Overleg en oplossing
Om duidelijkheid te krijgen over de praktische invulling van deze eisen, heeft NVKL samen met enkele lidbedrijven overleg gevoerd met de ECH-Groep. Dit heeft geleid tot een uitgewerkte aanpak waarmee op een veilige en verantwoorde manier aan de norm kan worden voldaan.
Er zijn nu twee tabellen uitgewerkt met mogelijke opties voor de uitvoering van de pneumatische beproeving:
- Test op 1,43 × PS of 1,25 × PS × fRT/fts
- Hogere beproevingsdruk, minder NDO.
- Test op 1,1 × PS: Lagere beproevingsdruk, meer NDO.
Samenwerking en informatie
NVKL werkt samen met de Staalfederatie aan dit dossier. Het doel is om zowel leveranciers en installateurs duidelijkheid te geven over de eisen aan leidingwerk voor koelinstallaties. Gezamenlijk wordt een informatieblad ontwikkeld waar onder meer bovengenoemde tabellen worden opgenomen. Dit infoblad zal leveranciers en installateurs helpen de eisen beter te begrijpen en in de praktijk toe te passen. Houd de communicatie van NVKL in de gaten voor meer informatie en publicatie van het infoblad.
Toelichting
Het leidingwerk van koelinstallaties is belangrijk voor een veilige en efficiënte werking. Voor een veilig ontwerp geldt de PED-richtlijn (2014/68/EU). De eisen voor het leidingwerk staan in NEN-EN 378:2016 deel 2, een norm die is afgestemd op de PED. Door te voldoen aan bijlagen ZA en ZB van deze norm, voldoet een fabrikant aan de belangrijkste eisen van de PED. Volgens NEN-EN 378 deel 2 moeten leidingverbindingen en fittingen voldoen aan de norm EN 14276-2 of EN 13480. Geharmoniseerde EN -buis voldoet aan beide normen omdat het speciaal is ontworpen en getest voor toepassingen die binnen de PED-richtlijn vallen, dit geldt niet voor ASTM – leidingmateriaal.

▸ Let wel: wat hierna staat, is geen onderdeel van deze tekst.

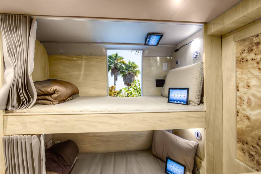 iPad HD's (iPad 3) in each bunk for audio/video/web entertainment

ASTM-buis voldoet niet aan de eisen omdat:
- Bij ASTM-gelaste buis wordt de langsnaad niet standaard 100% volumetrisch onderzocht tijdens de productie. Dit onderzoek is optioneel en moet specifiek worden aangevraagd bij de bestelling.
- De langsnaad van ASTM-buis kan wel 100% met Eddy Current worden onderzocht, maar de onderzoeksmethode en acceptatiecriteria verschillen van die van materiaal volgens de Europese EN-normen. Hierdoor voldoet het niet aan de EN-eisen. (Lasnaadfactor is dan z=0,85).
- ASTM-buis wordt meestal getest op druk (hydrostatische beproeving) door de fabrikant. Deze testdruk kan echter lager zijn dan de druk waaraan het leidingwerk volgens de installatie-eisen moet worden getest. Voor installatiegebruik moet de buis minimaal zijn getest op 1,43 × PS of of 1,25 × PS × fRT/fts. (Lasnaadfactor is dan z=0,7).